-- Working data follows --
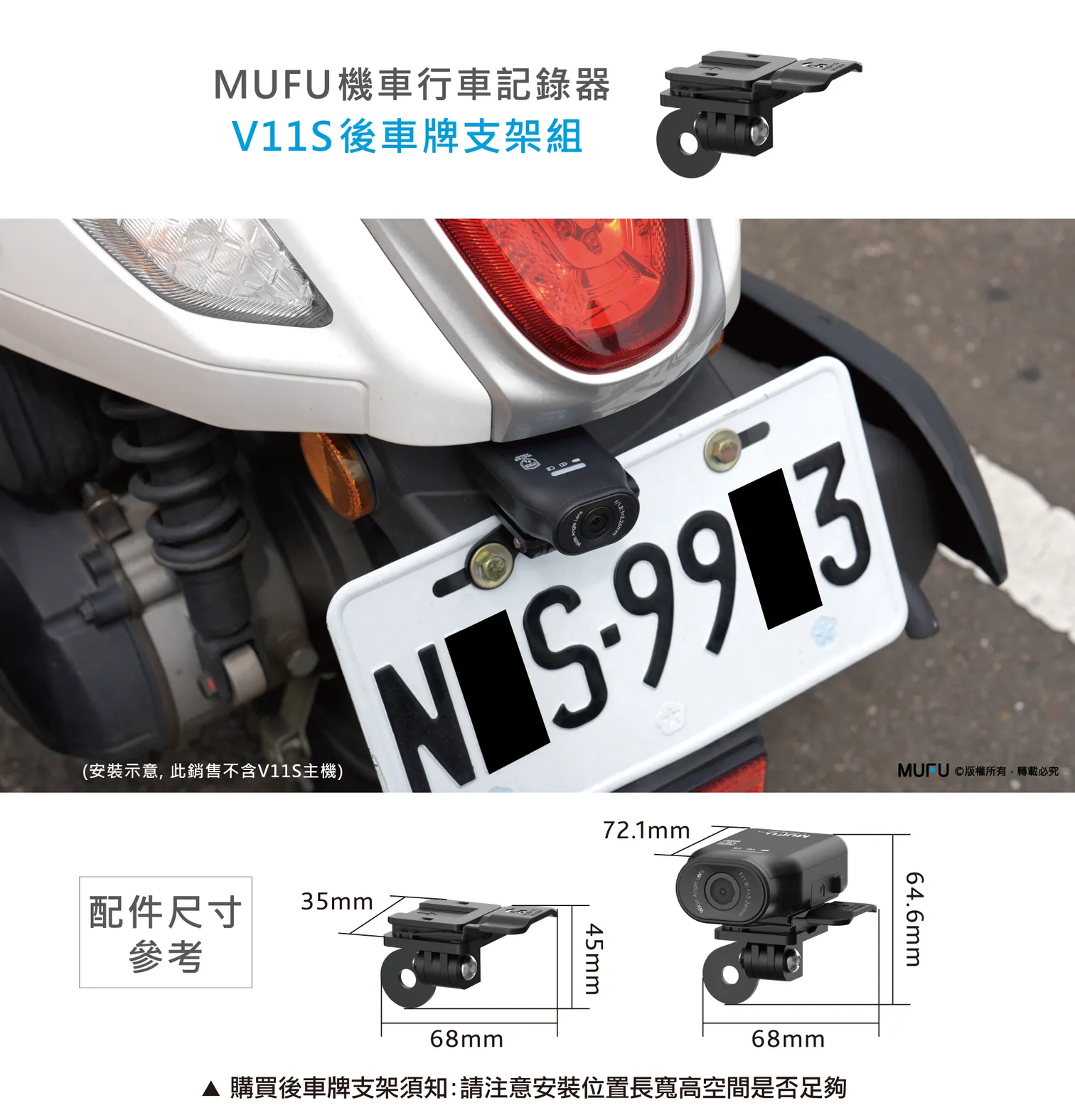 MUFU V11S / V11S PRO / V12S PRO 機車行車記錄器配件 - 後車牌支架組,
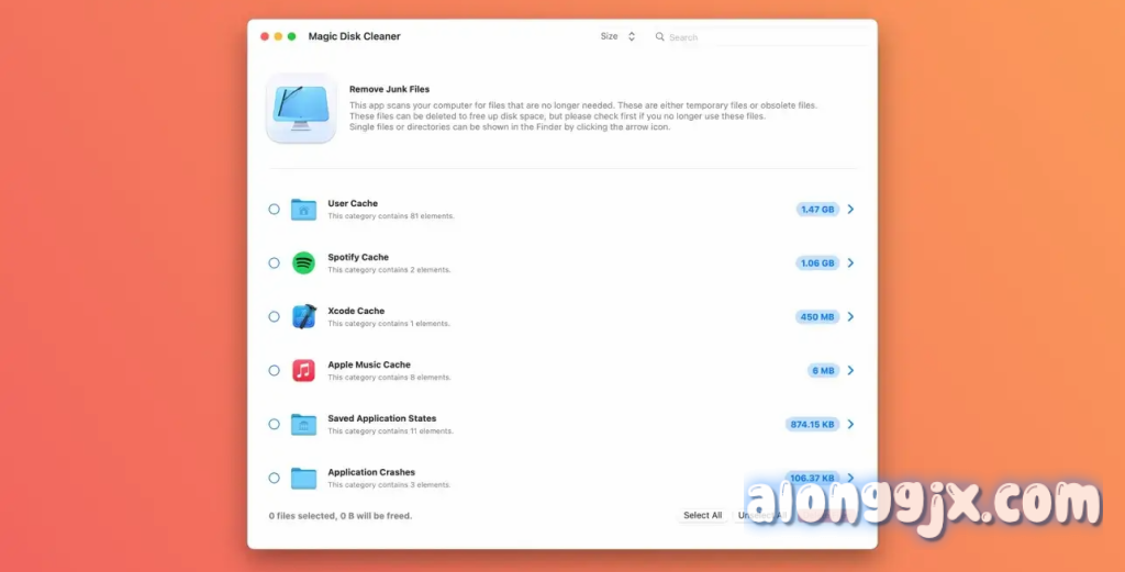 Magic Disk Cleaner 一款MAC上好用的系统清理工具。它可以发现并删除了浪费大量空间的文件临时文件。该应用程序的速度快如闪电,能在短时间内释放磁盘空间。
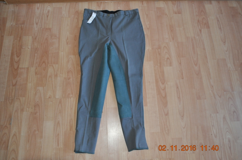 Sprzedam nowe bryczesy damskie w rozmiarze ok 42, pełny lej, szare, ładne obszycia w kolorze leja, lamówka wzdłuż nogawek.
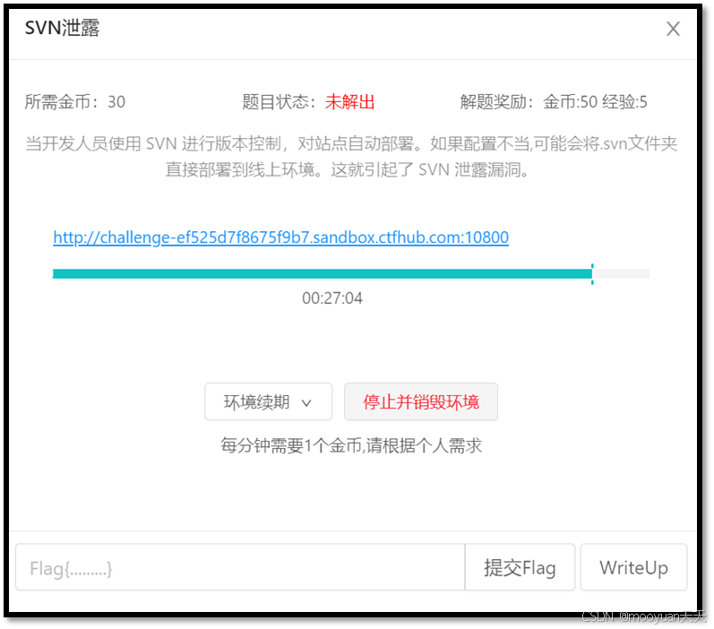 打开关卡如下所示,提示信息为“当开发人员使用 SVN 进行版本控制,对站点自动部署。如果配置不当,可能会将.svn文件夹直接部署到线上环境。这就引起了 SVN 泄露。”,提示本关卡可以利用SVN泄露进行渗透测试。点击打开题目,此时系统自动创建Docker环境,下图蓝色部分的URL地址就是靶场环境。
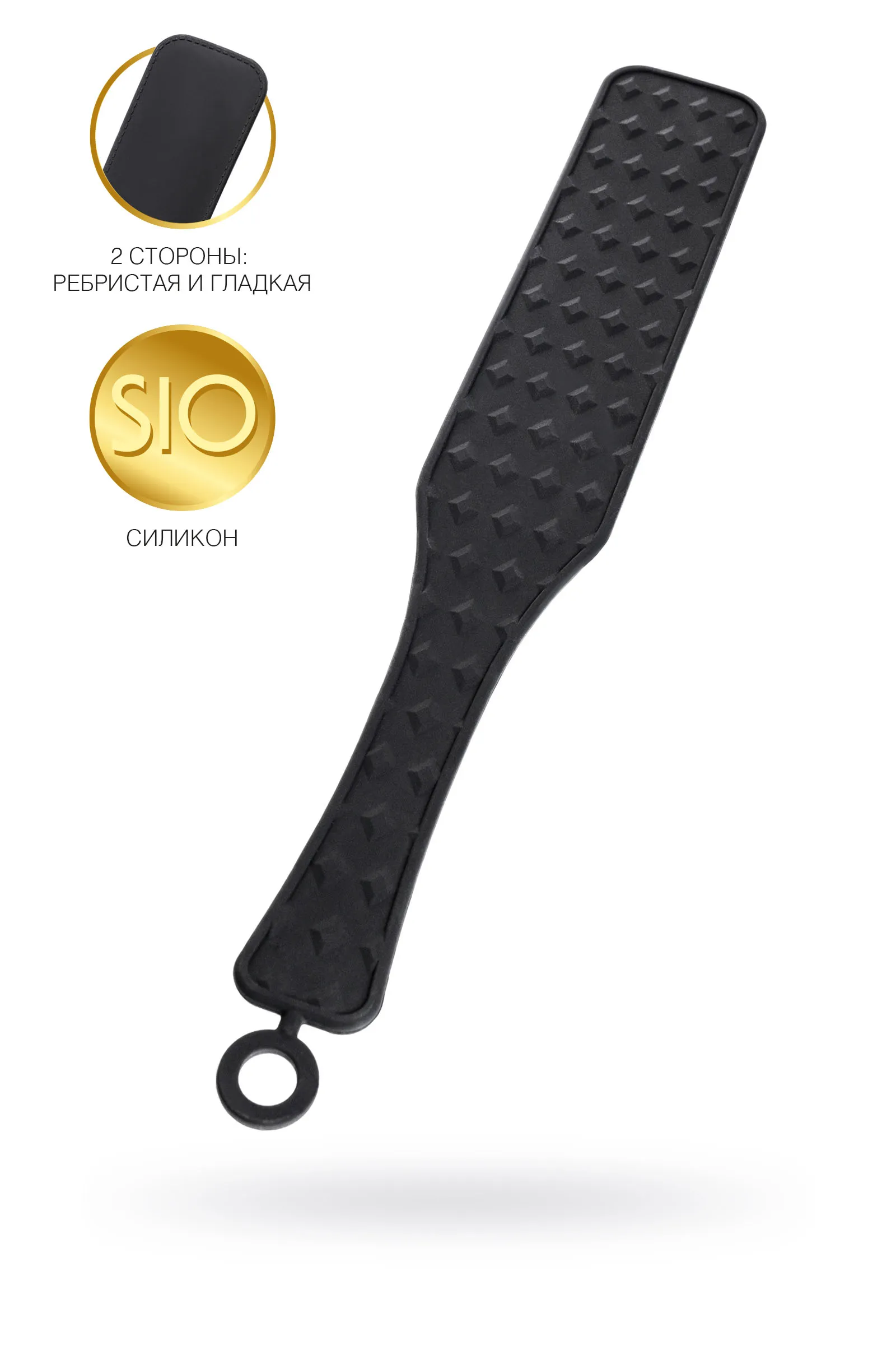 Шлепалка Знаменитый пэддл - аксессуар для наказания, заменяющий ладонь. Шлепки могут быть мягкими и жесткими в зависимости от вашего настроения. Полностью силиконовая шлепалка приятна в использовании для обоих партнеров. С одной стороны она покрыта "бриллиантовым" рельефом и при сильных шлепках оставит на коже соответствующий узор. С другой стороны она абсолютно гладкая и ощущения от наказания будут более мягкими. Общая длина 37,5 см Рабочая длина 21 см Ширина 6,5 см Материал: силикон В фотосессии на модели использованы пэстис Theatre 705006
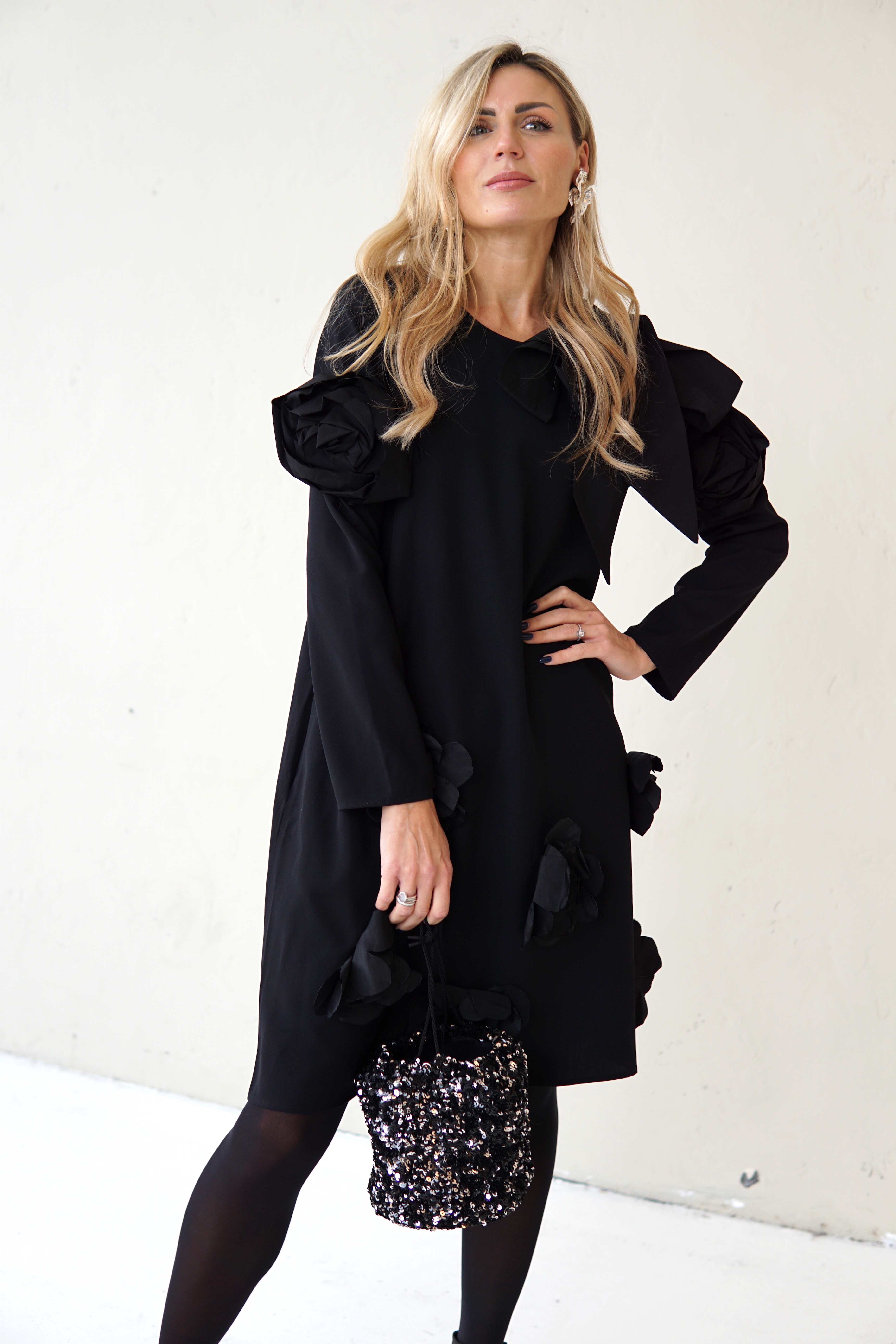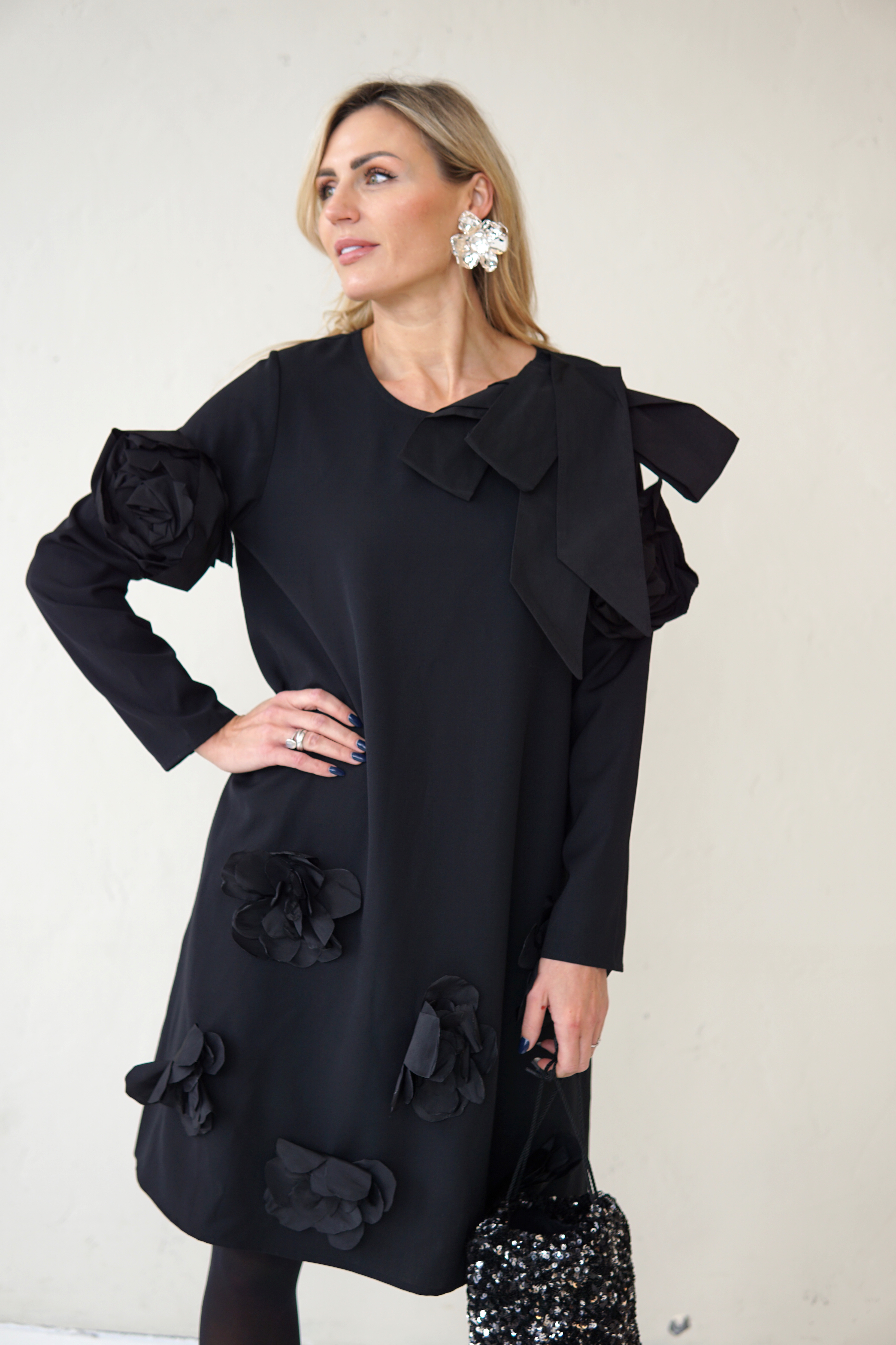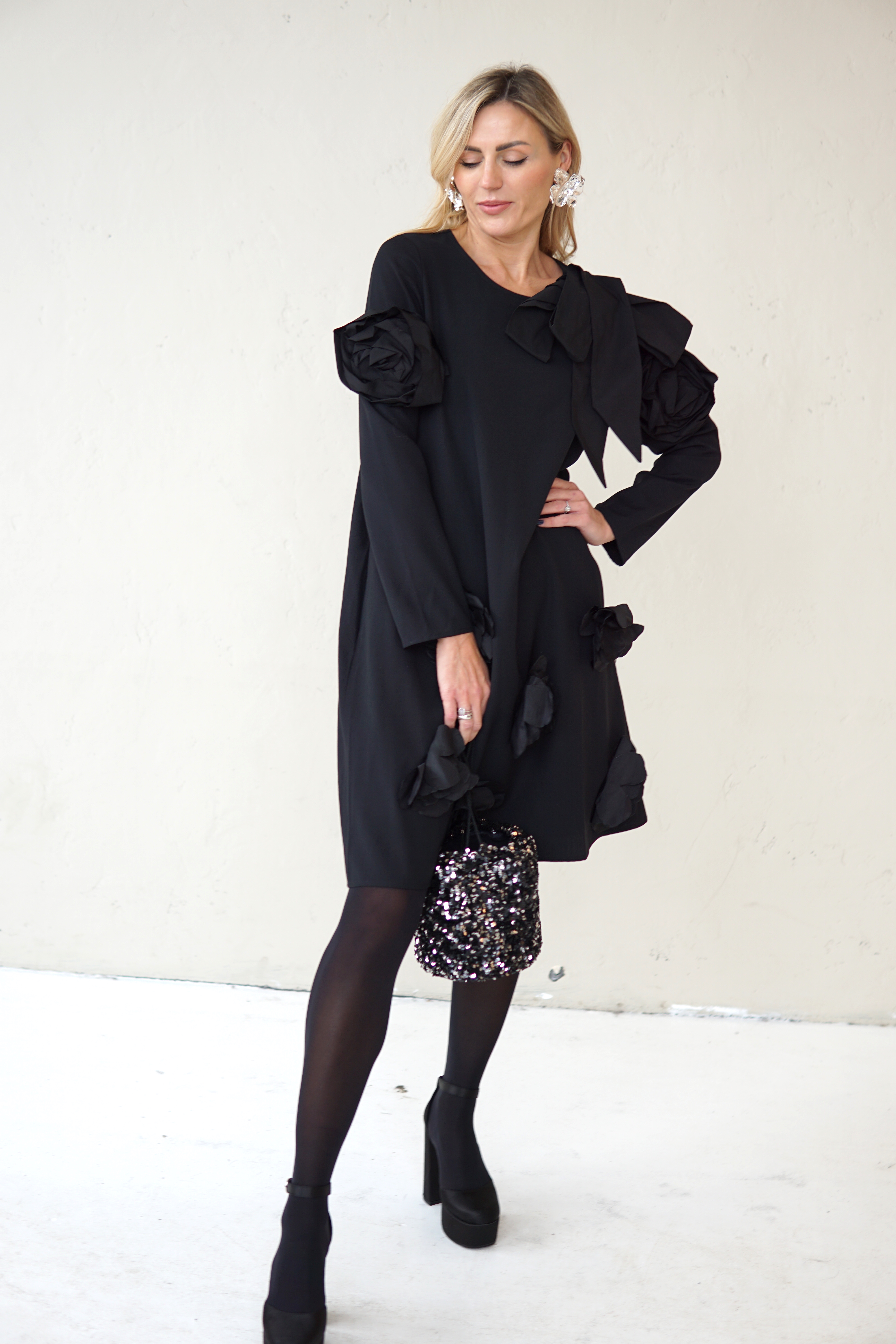 SIMPLE BLACK DRESS DECORATED WITH FLOWERS AND TAFFETA RIBBONS
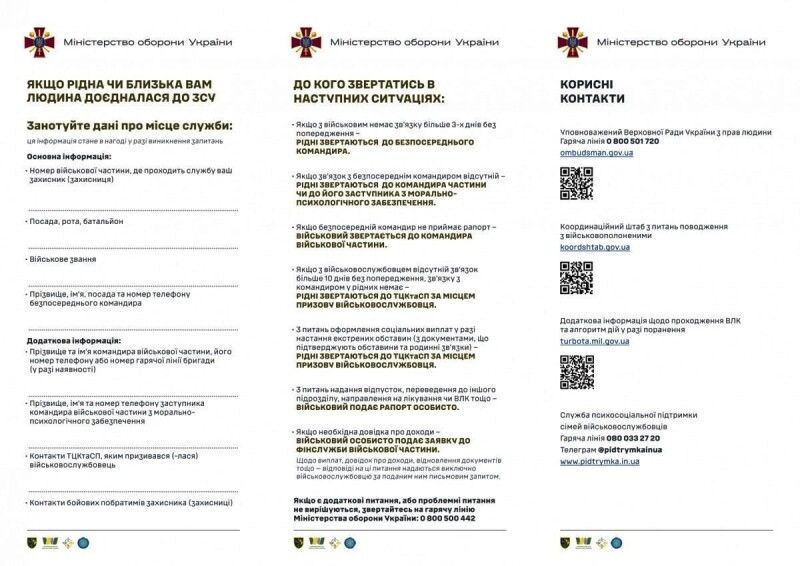 Родичі військових у буклеті можуть власноруч заповнити дані про захисників та захисниць, мати перелік основних контактів, за якими слід звертатися у різних ситуаціях, що можуть виникнути.
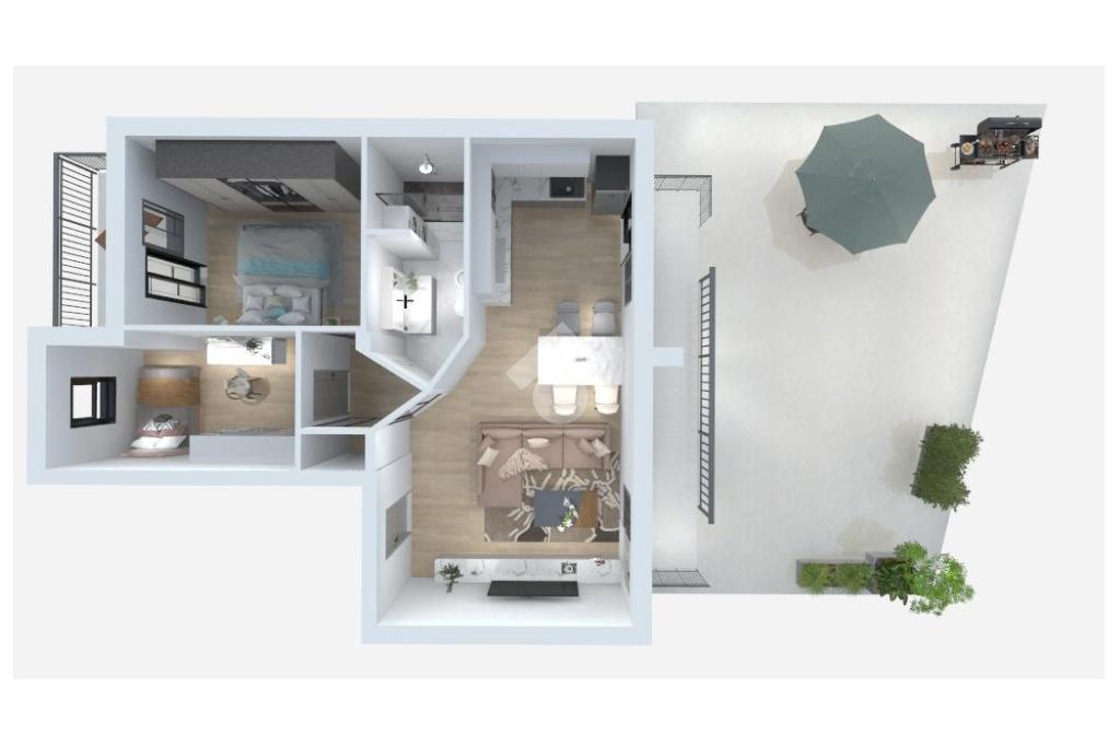L'appartamento dispone di un balcone. Completano la proprietà un box auto con soppalco e un giardino privato, perfetto per chi cerca uno spazio esterno esclusivo. L'impianto di climatizzazione e il sistema di domotica garantiscono comfort e praticità. Una soluzione abitativa che unisce modernità e tranquillità.
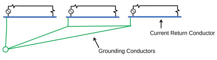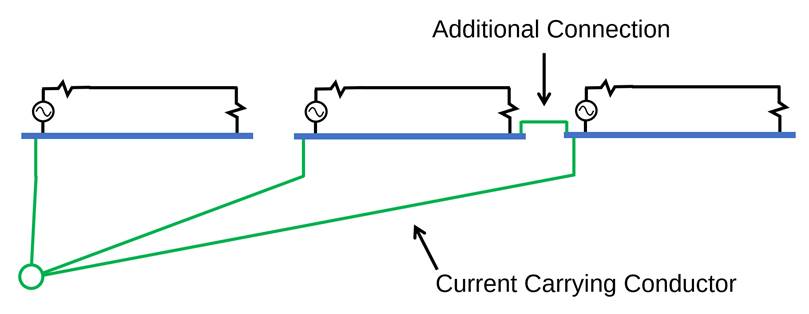 圖4顯示了另一種實現(xiàn)方式,其中接地導體連接在多個點,但它們?nèi)匀灰詥蝹€點為參考。其中一個例子是建筑物中的電源接地,每個接地設備都有一條通往建筑電氣服務的專用有線路徑,在多個點連接接地導體不會降低接地方案的有效性。
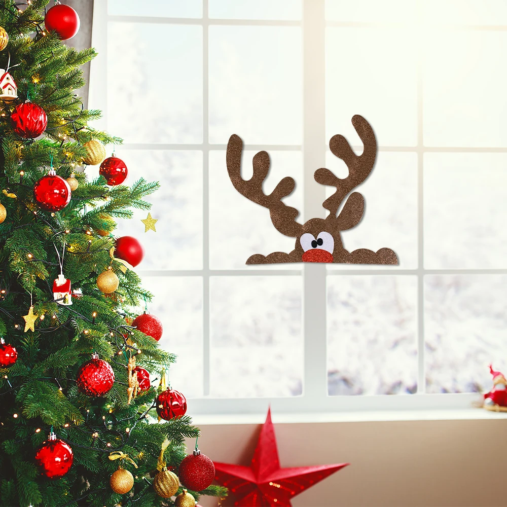 Christmas Door Window Stickers DIY Felt Cloth Elk Snowman Santa Claus Wall Sticker Noel Christmas Decoration Happy New Year 2025
-- Working data concluded --
- _What is needed_: With the pictures omitted, repeat the full set of records above exactly.

- _Result_:
 MUFU V11S / V11S PRO / V12S PRO 機車行車記錄器配件 - 後車牌支架組,
 Magic Disk Cleaner 一款MAC上好用的系统清理工具。它可以发现并删除了浪费大量空间的文件临时文件。该应用程序的速度快如闪电,能在短时间内释放磁盘空间。
 Sprzedam nowe bryczesy damskie w rozmiarze ok 42, pełny lej, szare, ładne obszycia w kolorze leja, lamówka wzdłuż nogawek.
 打开关卡如下所示,提示信息为“当开发人员使用 SVN 进行版本控制,对站点自动部署。如果配置不当,可能会将.svn文件夹直接部署到线上环境。这就引起了 SVN 泄露。”,提示本关卡可以利用SVN泄露进行渗透测试。点击打开题目,此时系统自动创建Docker环境,下图蓝色部分的URL地址就是靶场环境。
 Шлепалка Знаменитый пэддл - аксессуар для наказания, заменяющий ладонь. Шлепки могут быть мягкими и жесткими в зависимости от вашего настроения. Полностью силиконовая шлепалка приятна в использовании для обоих партнеров. С одной стороны она покрыта "бриллиантовым" рельефом и при сильных шлепках оставит на коже соответствующий узор. С другой стороны она абсолютно гладкая и ощущения от наказания будут более мягкими. Общая длина 37,5 см Рабочая длина 21 см Ширина 6,5 см Материал: силикон В фотосессии на модели использованы пэстис Theatre 705006
 SIMPLE BLACK DRESS DECORATED WITH FLOWERS AND TAFFETA RIBBONS
 Родичі військових у буклеті можуть власноруч заповнити дані про захисників та захисниць, мати перелік основних контактів, за якими слід звертатися у різних ситуаціях, що можуть виникнути.
L'appartamento dispone di un balcone. Completano la proprietà un box auto con soppalco e un giardino privato, perfetto per chi cerca uno spazio esterno esclusivo. L'impianto di climatizzazione e il sistema di domotica garantiscono comfort e praticità. Una soluzione abitativa che unisce modernità e tranquillità.
 圖4顯示了另一種實現(xiàn)方式,其中接地導體連接在多個點,但它們?nèi)匀灰詥蝹€點為參考。其中一個例子是建筑物中的電源接地,每個接地設備都有一條通往建筑電氣服務的專用有線路徑,在多個點連接接地導體不會降低接地方案的有效性。
 Christmas Door Window Stickers DIY Felt Cloth Elk Snowman Santa Claus Wall Sticker Noel Christmas Decoration Happy New Year 2025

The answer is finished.